Merely get rid of `ntpd_enable="YES"` from /etc/rc.conf.


----------



## Dragony (Sep 26, 2021)

I have now removed ntpd_enable and added a daily cron job for ntpdate.... dunno if that's the intended way to do it...


----------



## gpw928 (Sep 27, 2021)

There's a bunch of hardware platforms around today that don't have a CMOS battery to keep the hardware time-of-day clock running when the power is off, e.g. the Raspberry Pi, and such hosts need to set `ntpdate_enable="YES"` in /etc/rc.conf.

The manual for ntpdate(8) says what you are doing with `cron`, needs to be done every hour or two (using a reliable internal time server) to prevent the need to step time.  However it also says that there is "no substitute for the NTP daemon, which uses sophisticated algorithms to maximize accuracy and reliability while minimizing resource use".

If you are using `ntpdate` from `cron` to keep time, then I would use exactly the same timeserver(s) as used in the cron job to set system time on boot in /etc/rc.conf:

```
ntpdate_enable="YES"
ntpdate_hosts="timeserver(s)"
```
Doing this will, at least, maintain time in a consistent way.  Sometimes consistency is more important than accuracy.

However, this setup also suggests to me that you may be allowing traffic to originate from your firewall into your internal network.  I'd be very cautious about allowing that.  It's one thing that I try really hard to avoid (because it facilitates spread of contagion if you get breached).

Finally, opening up port 123 and running `ntpd` on your firewall is pretty common, and not particularly dangerous.  The NTP client always starts the conversation, and the response from the server can be permitted by saved state for the "established connection".  There are examples in /etc/rc.firewall.


----------



## Deleted member 30996 (Sep 27, 2021)

gpw928 said:


> Finally, opening up port 123 and running `ntpd` on your firewall is pretty common, and not particularly dangerous.

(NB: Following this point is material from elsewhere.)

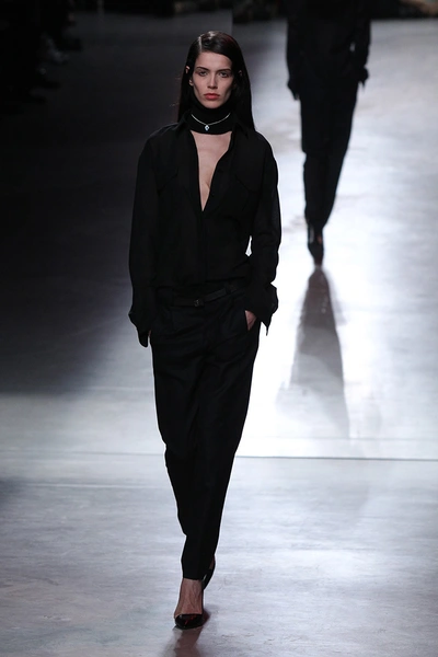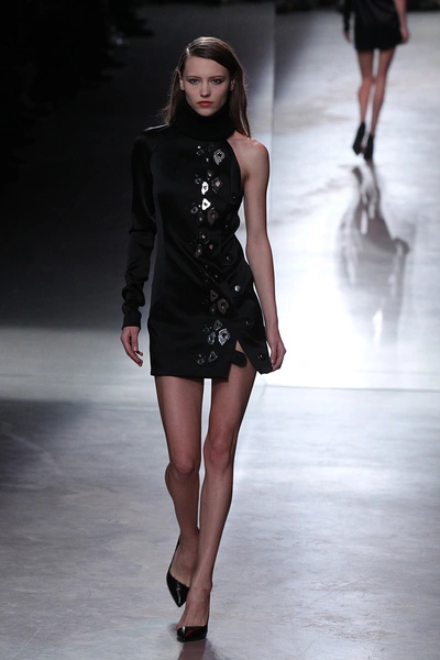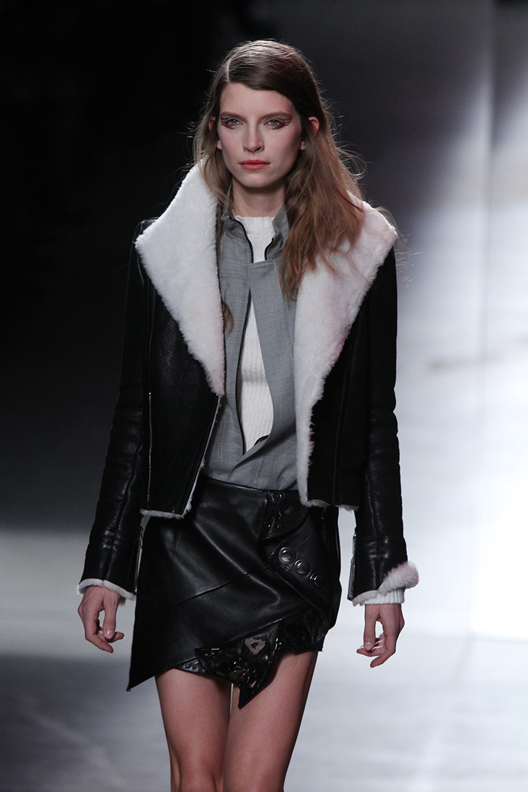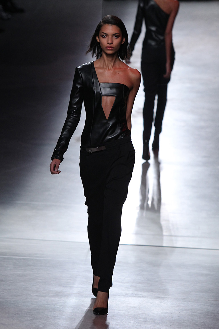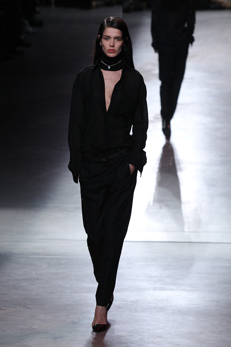 Бельгийский дизайнер Энтони Ваккарелло не отходит от привычных ему тенденций и создает коллекцию в стиле девичьего рока: черные кожаные короткие платья, жакеты и юбки. В этот раз добавилась новая деталь — красный цвет. Он присутствует в качестве основного для свитера и кожаной куртки, а также именно в него окрашены части ремней, подкладки жакетов, вышитые элементы на одежде и декоративные детали платьев. Из нового — асимметрия и оборки, которые придают его нарядам женственность. Энтони Ваккарелло, ставший недавно дизайнером Versus Versace, почти игнорирует пальто в осенней коллекции, предлагая девушкам носить укороченные кожаные куртки с мехом на внутренней стороне. Отсылкой к пальто можно считать появившийся на подиуме в начале показа длинный расстегнутый черный жакет, открывающий юбку с вырезом от бедра.

The NTP client always starts the conversation, and the response from the server can be permitted by saved state for the "established connection".

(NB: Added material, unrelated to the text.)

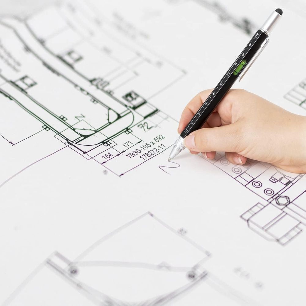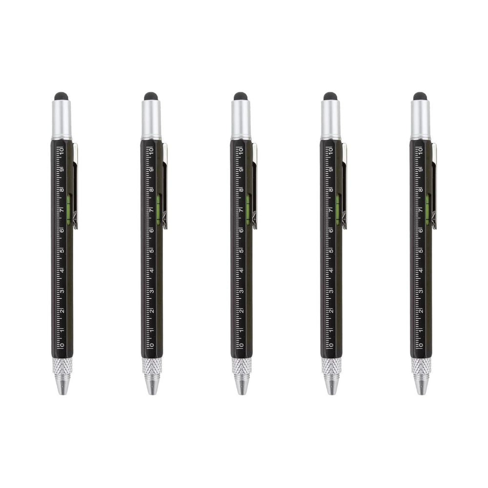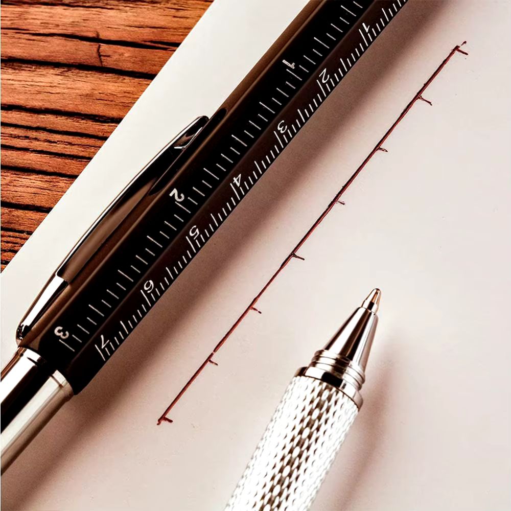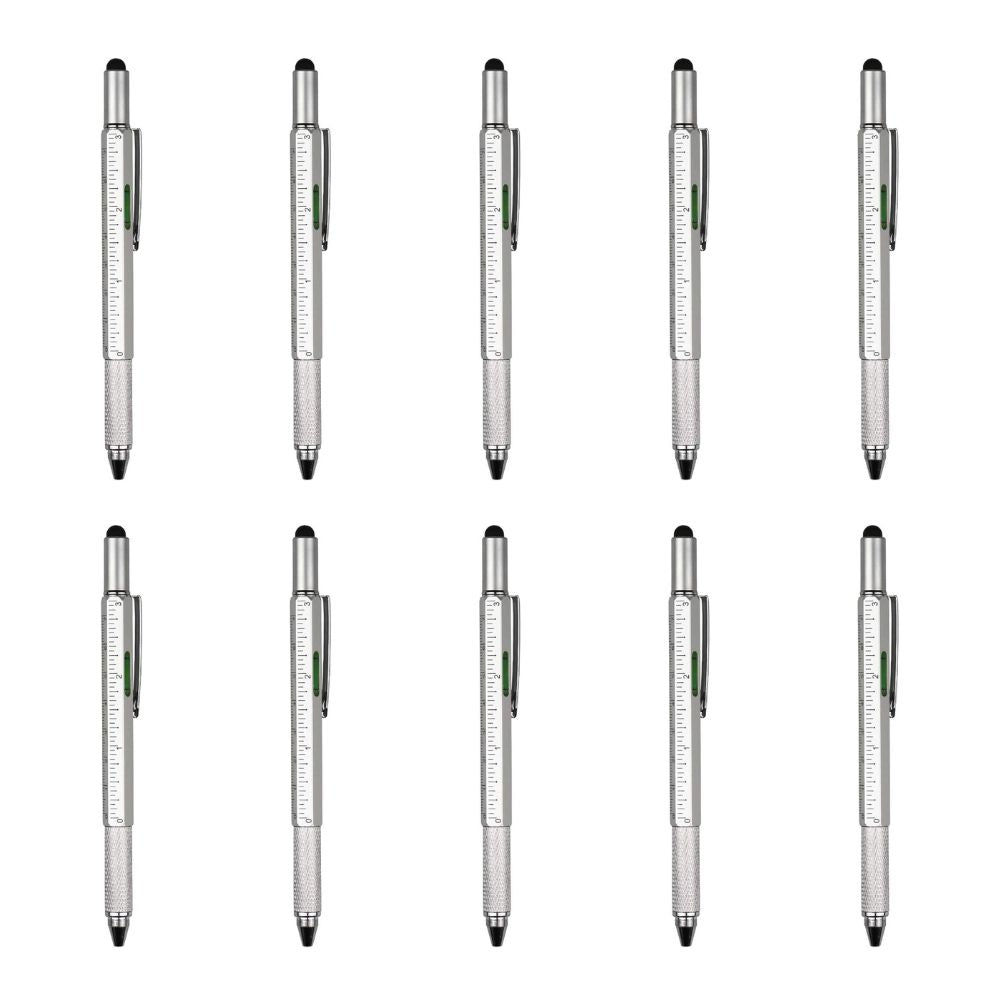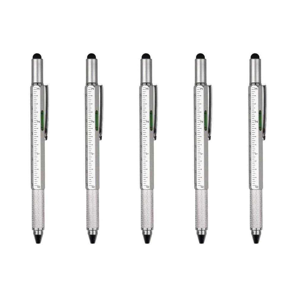6-in-1 Multifunctional Pen: Stylus Touch Pen, Screwdriver (Slotted + Phillips), Ruler, Spirit Level, Ballpoint Pen

That's why my ruleset blocking port 123 works, because I iniate the traffic it goes through as often as it wants. No other traffic is allowed.


----------



## SirDice (Sep 27, 2021)

The default /etc/ntpd.conf has a few options that limits the access to localhost only:

```
# The following settings allow unrestricted access from the localhost
restrict 127.0.0.1
restrict ::1
```

Alternatively you could install net/openntpd, it can be configured not to listen on a network port at all. NTP doesn't need this, only if you want to use that system as an NTP server.


----------



## mer (Sep 27, 2021)

Another way is install the openntpd package/port.  It's a lot lighter weight when you just need a client.


----------



## gpw928 (Sep 28, 2021)

gpw928 said:


> Finally, opening up port 123 and running `ntpd` on your firewall is pretty common, and not particularly dangerous.


On reading what I wrote, I think it needs clarification.  The `ntpd` is unusual in that it acts as both a client and a server.
I was suggesting that outbound connections to UDP port 123 on Internet time servers are commonly allowed.
It's fairly normal to block inbound connections (though the default configuration for ntpd server, in /etc/ntp.conf, for FreeBSD closes all known attack surfaces).


----------



## Jose (Sep 28, 2021)

Dragony said:


> I have now removed ntpd_enable and added a daily cron job for ntpdate.... dunno if that's the intended way to do it...


This just re-implements ntpd, poorly.

Ntpdate is meant to force your time to be correct at boot. It forcefully resets the system time to match the NTP time server you have configured. This is done at boot because it can cause time to go backwards. Many programs will reasonably not cope well with this relativistic impossibility and crash.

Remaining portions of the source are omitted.